Many were brought to the workhouse on the ‘cart’ which was sent through the towns and villages within the union to provide assistance to those who simply could not make it there. For much of the late 19th century this duty fell to Patrick McElree (McElwee?) who was responsible for the workhouse cart.  This was a practice adopted in most towns where a workhouse was located in an effort to keep poverty off the streets.

Young Ann Moran was one such woman, aged twenty, from Bellaghy and who depended on the workhouse cart.  She entered the Magherafelt workhouse ‘in a dying state’ and was dead within a day, buried in the adjoining cemetery likely without any family present. William Brown, a coffin maker, was another who was ‘drawn in the workhouse cart’. John McKinney,  a broom maker admitted in a ‘dying state’ was dead within a few hours of entering the workhouse.

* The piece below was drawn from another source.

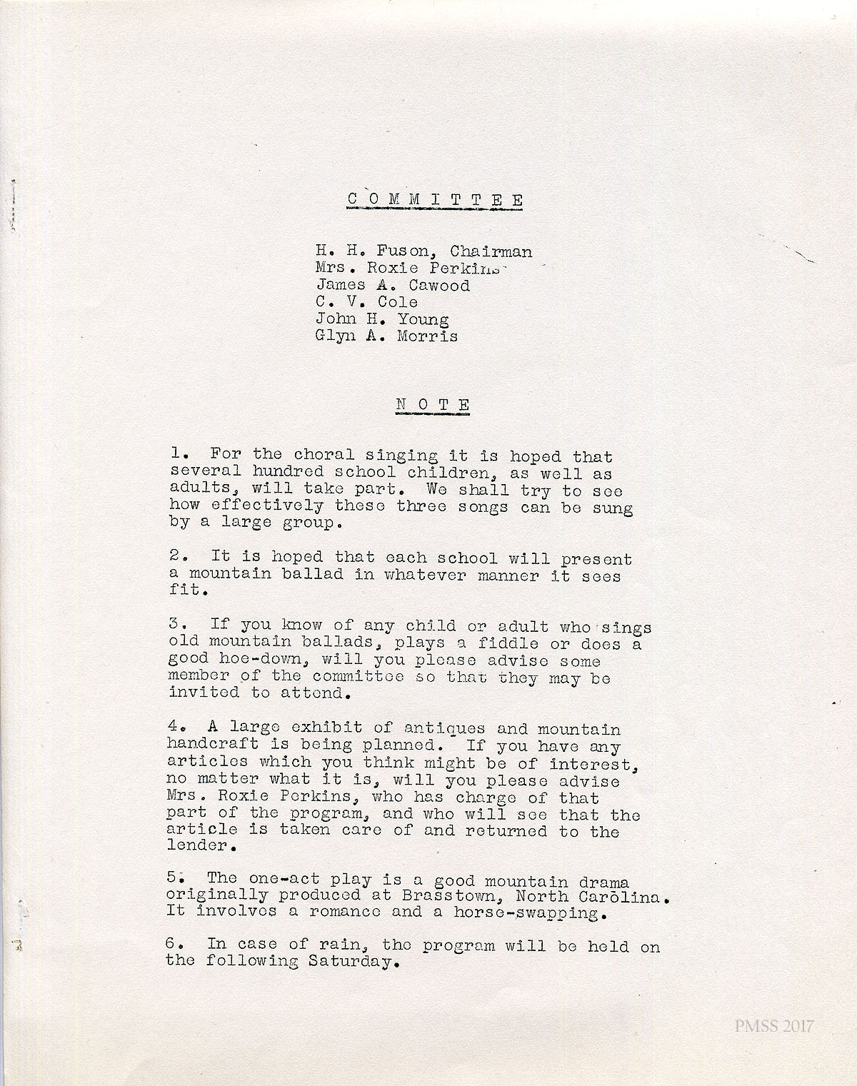 [017] COMMITTEE: H.H. Fuson (Chair), Mrs. Roxie Perkins, James A. Cawood, C.V. Cole. John H. Young, Glyn A. Morris. NOTE: A list of plans for the events, such as choral singing, mountain ballad singing, recruiting singers and instrumentalists, exhibits of antiques and handcrafts, rain date, and the one-act play (“a good mountain drama originally produced at Brasstown, North Carolina. It involves a romance and a horse-swapping.”)

The condition of people entering the workhouse were often dire. Margaret Kennedy, a repeat entrant, with her three children were described as being ‘dirty and naked’. Kennedy had been abandoned by her husband and relied on the workhouse for her family’s survival.

At times when there was an outbreak of an infectious disease, the numbers in the workhouse rose and the house cart was put into daily use. These could be sporadic such as in 1864 when both Maghera and Bellaghy were said to be suffering from an outbreak of disease.